To this day Indonesia is often mainly viewed from a colonial perspective, but the festival chooses to zoom in on contemporary art from the sprawling archipelago. ‘A Night in Indonesia’ presents a five hour long mini-festival in the famous pop venue Paradiso on 16 June.

It features underground bands combining elements from traditional Indonesian music with pop, rock, folk, noise and/or electronics.’ The duo Boi Akih of jazz singer Monica Akihary and guitarist Niels Brouwer will première Controlling the Swing, commissioned by the Holland Festival.

The next day Ensemble Modern presents Ruang Suara in Muziekgebouw aan ‘t IJ, showcasing music from young Indonesian composers that was crafted in close cooperation with the Germans.

In the infectiously Dah-Dha-Dah by Gema Swaratyagita, the musicians only seem to fill the stage in passing, producing weird & crazy sounds along with purely musical ones. Swaratyagita herself has a vocal part and plays the suling, an Indonesian recorder.

Religions without borders

The Dutch-Indonesian composer Sinta Wullur will realize Temple of Time. She specially designed it for the Holland Festival Proms in the Amsterdam Concertgebouw on 24 June. Audience and musicians are encircled by 84 gongs from Wullur’s chromatic gamelan.

The gong players and eight vocalists from different religious traditions will perform both traditional and newly composed music. The texts are based on ancient sacred texts from the four world religions about the passage of time.

At the presentation Wullur mentioned that while at school in Indonesia, her religious classes were evenly dedicated to Catholicism, Protestantism, Hinduism and Islam.
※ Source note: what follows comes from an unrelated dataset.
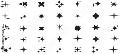 Sparkle Star Icon Set - Vector Stock Illustration. Stars collection. Star vector icons. Black Series. Falling Star, firework, Twinkle, Star Shape, Celebritie,

Librettist Miranda Lakerveld pointed out that this seems less obvious today, considering how difficult it was to find appropriate religious texts that both respect tradition and avoid sensitivities.

Sacred grounds

The Proms also feature the world première of Sacred Environment, a collaboration between the Australian-Dutch composer Kate Moore and visual artist Ruben van Leer. In this oratorio the singer Alex Oomens makes a trip to Hunter Valley in virtual reality, the audience following her to the temple on the sacred grounds of the Australian Wonnarua and Darkinjung tribes.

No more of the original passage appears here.